Kam Raslan is a Malaysian writer and film director who’s known for monstering various authoritarian governments across the world. In Malaysia, he says, porn and sex don’t officially exist, so there’s no official government regulation or policy on the whole situation (it is illegal to be a gay man, but there are no laws against gay women, so that’s something). He’s noticed a pattern among authoritarian governments, that when their rule is precarious they tend to leave certain areas of life, like sex and consumerism, alone. When they’re more confident, they’ll start meddling. Also, when it comes to porn, a trend across the world is that people want to watch people like themselves; Malays generally want to watch Malays, rather than plastic Californians. But Raslan said there’s no one-size-fits all model in the way porn is consumed across different countries.  

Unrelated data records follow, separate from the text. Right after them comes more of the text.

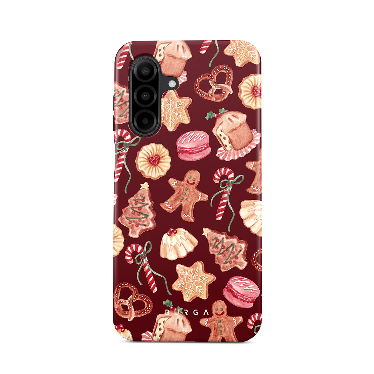 En este diseño: galletas de Navidad, hombres de jengibre, bastones de caramelo, caramelos de menta, dulces festivos, fondo rojo burdeos
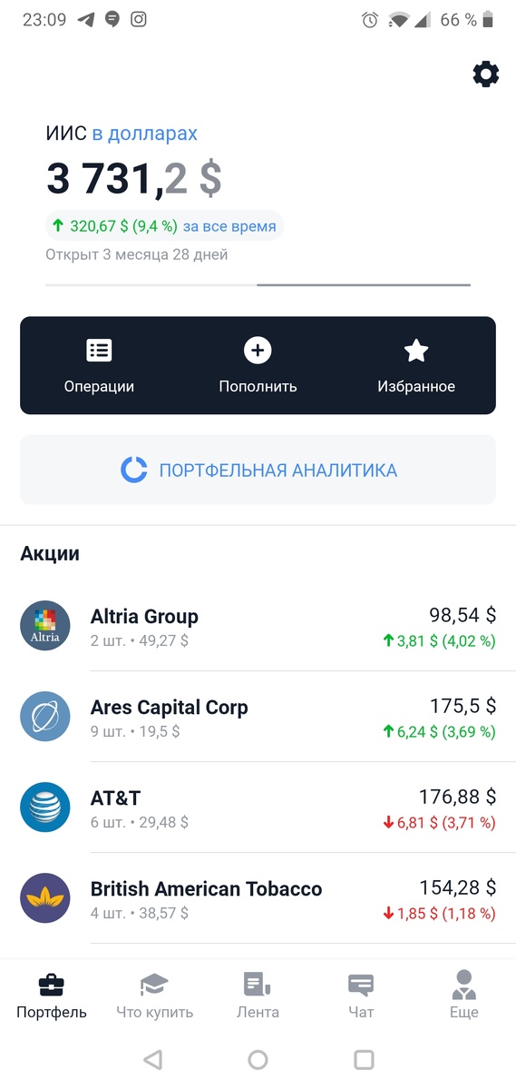 Доброй ночи! Спасибо, что читаете мои сообщения. Дорогу осилит идущий. Я в пути.... Вы со мной, или предпочитаете созерцать со стороны? С отчетом о предыдущей неделе можно ознакомится тут. Как писал ранее, начал приобретать акции на брокерский счет. На ИИС: 24.05.2021 приобрел 3 акции Lumen 24.05.2021 пришли дивиденды по British American Tobacco На брокерский счет: 24.05.2021 5 акций Ares 27.05.2021 5 акций Ares ИИС: Брокерский счет: Планы на следующие 13 дней. Буду наращивать портфель. Претенденты: PPL 08 июня US$ 0,415 на акцию, квартальная доходность 1,43% Williams 09 июня US$ 0,41 на акцию, квартальная доходность 1,59% Iron Mountain 13 июня US$ 0,6185 на акцию, квартальная доходность 1,44% Coca-Cola 13 июня US$ 0,42 на акцию, квартальная доходность 0,77% Ares 13 июня US$ 0,4 на акцию, квартальная доходность 2,1% Altria 13 июня US$ 0,86 на акцию, квартальная доходность 1,74% Желаю всем хороших выгодных, огромной прибыли, ЗДОРОВЬЯ и везения!
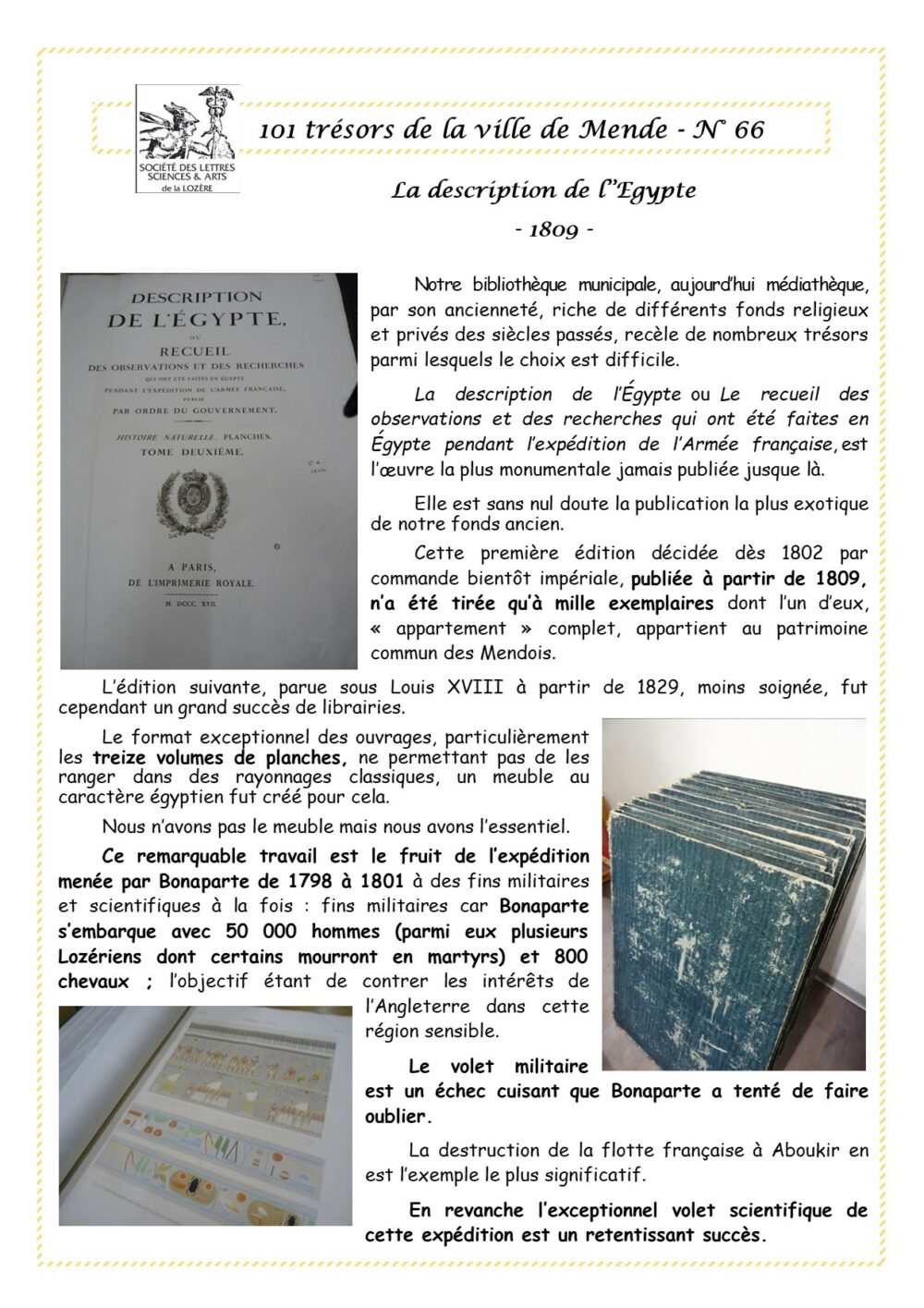 Trésors de Mende Pièce 66 – La description de l’Egypte Vous aimerez peut-être également Pièce 61 – Le cèdre de l’Atlas de Bellesagne Pièce 58 – La fontaine de la Mendozère Pièce 92 – Les cent gargouilles de la cathédrale de Mende
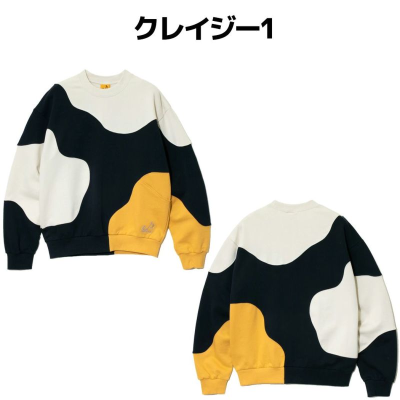 曲線で不規則に切り替えたCRAZYなクルーネックスウェット。
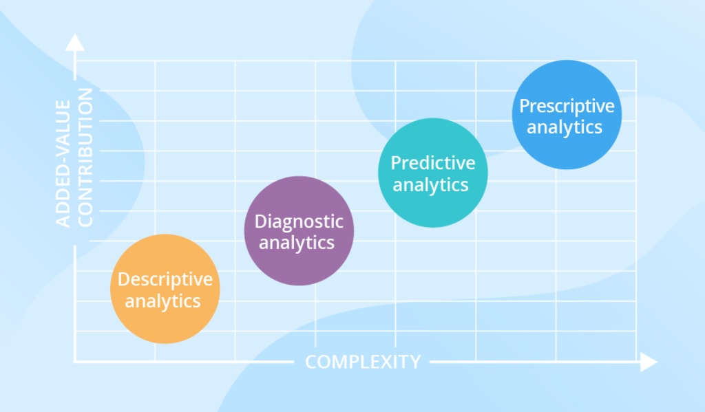 We'll start with the descriptive analytics procedure, which is the first pillar of modern data analysis. Organizations most frequently employ this kind of data analytics to understand past events and customers. It is also the simplest of the four data analytics types we will discuss today. It examines unprocessed data, identifies trends, and describes what occurred or is occurring due to the data. It aids in your understanding of the trends throughout time. This kind of data analysis is the ideal course of action if you want to learn more about how your sales vary from month to month or whether your channel views have improved. For more detail on types of analytics, refer to the data science course online by Learnbay.
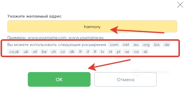 В поисковом поле вводим названием и жмем «Ок». При желании можно сразу выбрать расширение, кликнув на один из предложенных вариантов. Также можно подключить сторонний домен, но для этого нужно приобрести платную подписку.

Finally, just so you know the legalities of the situation, it is technically illegal to sell pornography and X-rated material anywhere in Australia (except the ACT, I think). However, it’s not illegal to buy it. Most police will turn a blind eye until someone complains; the only exception is child porn, which is totally illegal across all states and territories.

BBWF Day One: Rain of Toads

Tuesday, July 29th, 2008

Well, not quite. But it rained hard in Byron on Friday, so hard that the festival site got flooded and the entire day had to be cancelled! Some of the evening events were still held in town, and the ABC Radio sessions were moved from their tent into the restaurant, but the rest of the panels and In Conversations were unfortunately called off.

And it was freezing! Dark, pouring with rain, and all around a very disappointing day.

I know some people have called Northern Rivers Writers Centre asking for refunds for their missing day, and were probably fairly frustrated when they were told they couldn’t have one. But I spoke to one of the festival coordinators later on, and she told me all their funds - ticket sales, sponsorship - are funnelled straight into the festival infrastructure, and if they refunded everything, the festival would cease to exist. As it is, most of their guests and panellists don’t get fees for their appearences. A lot of non-profit organisations operate this way; budgets are tight, and they simply don’t have the financial padding to refund tickets if you change your mind or something happens to disrupt a planned event. So perhaps it’s best to consider Friday’s ticket price a donation to ensure next year’s festival, and leave it that?